NICE-SLAM replaces the monolithic MLP with a hierarchical feature grid. Three voxel grids at coarse, mid, and fine resolutions store local geometric features, and a small shared decoder MLP turns trilinearly interpolated features into occupancy and color. Because each observation only updates the small subset of grid cells visible from the current camera pose, the system avoids the global forgetting of iMAP and scales to multi-room indoor environments while keeping runtime roughly constant in scene size.

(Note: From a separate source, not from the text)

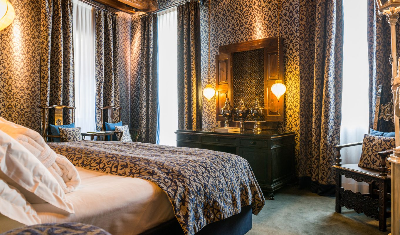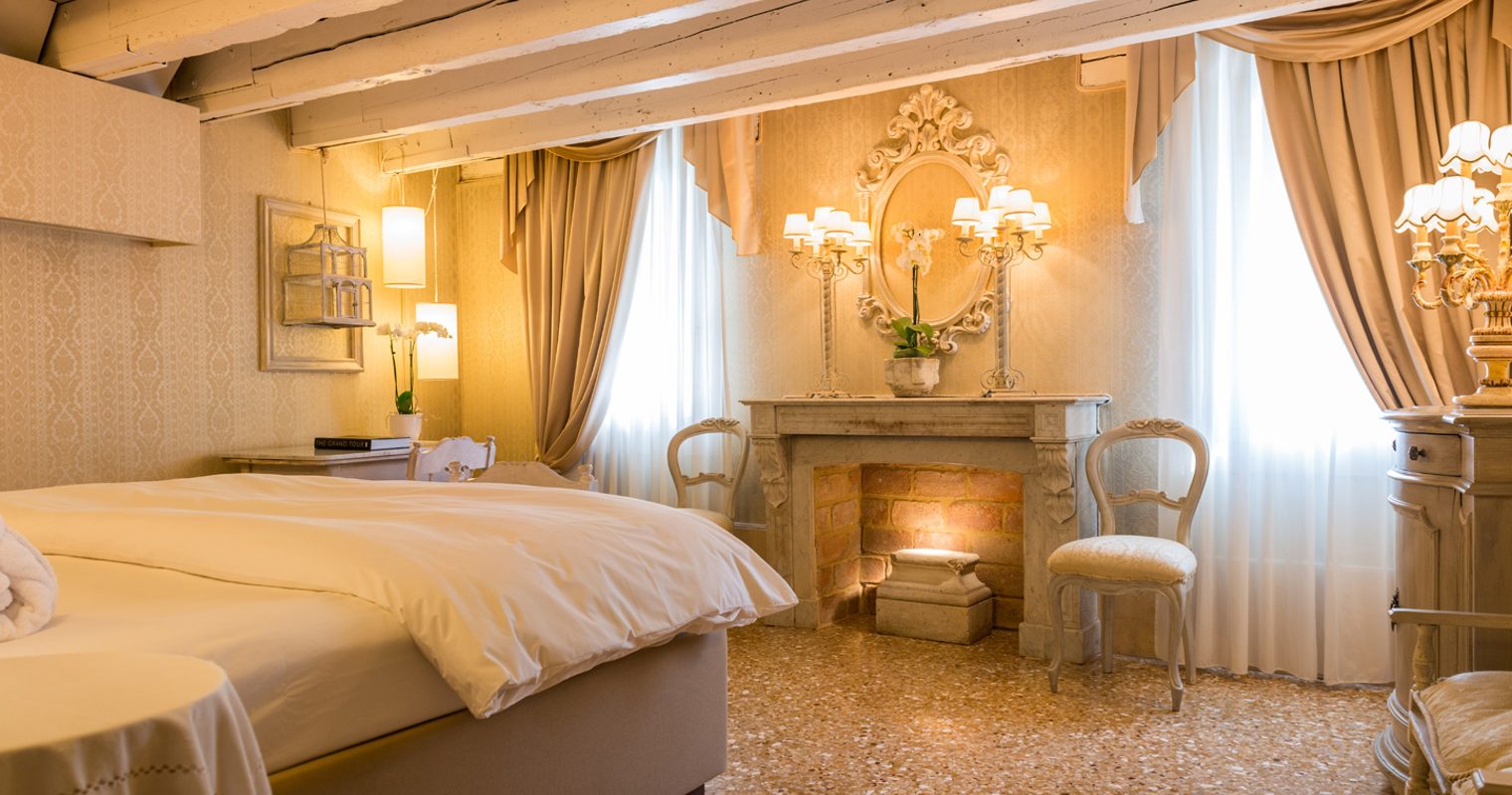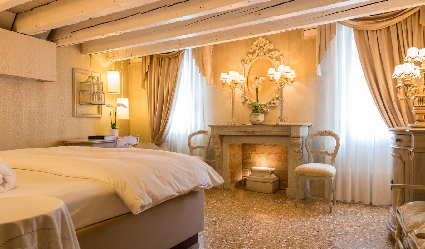 The five concept rooms, two suites (one with a little balcony) and deluxe rooms are all designed to satisfy the highest demands, finding inspiration in the history of Venice to create a distinctively traditional atmosphere. Each room is delightfully decorated with subtle tones, beautiful dark-wood furniture and marble bathrooms – the Sala del Camino is particularly decadent with its sophisticated use of cream colours.

Pre-trained geometric priors on the decoder MLPs let the model fill in unobserved regions plausibly, yielding completed reconstructions even from sparse views.
The mapping and tracking threads are decoupled and run alternately: mapping fixes the camera pose and updates the scene grids on a sliding window of keyframes; tracking fixes the scene and refines the latest camera pose by minimizing the same RGB-D photometric and geometric losses. On five challenging datasets including Replica, ScanNet, and TUM-RGBD the system achieves competitive mapping and tracking accuracy versus iMAP and classical TSDF-fusion baselines, while producing significantly more detailed reconstructions on large scenes.
NICE-SLAM became the reference architecture for the wave of neural- implicit SLAM follow-ups (Vox-Fusion, Co-SLAM, Point-SLAM) and is the counterpart to DROID-SLAM (Teed and Deng, 2021) within this corpus — both attack online SLAM with neural representations but from opposite ends of the explicit-implicit spectrum.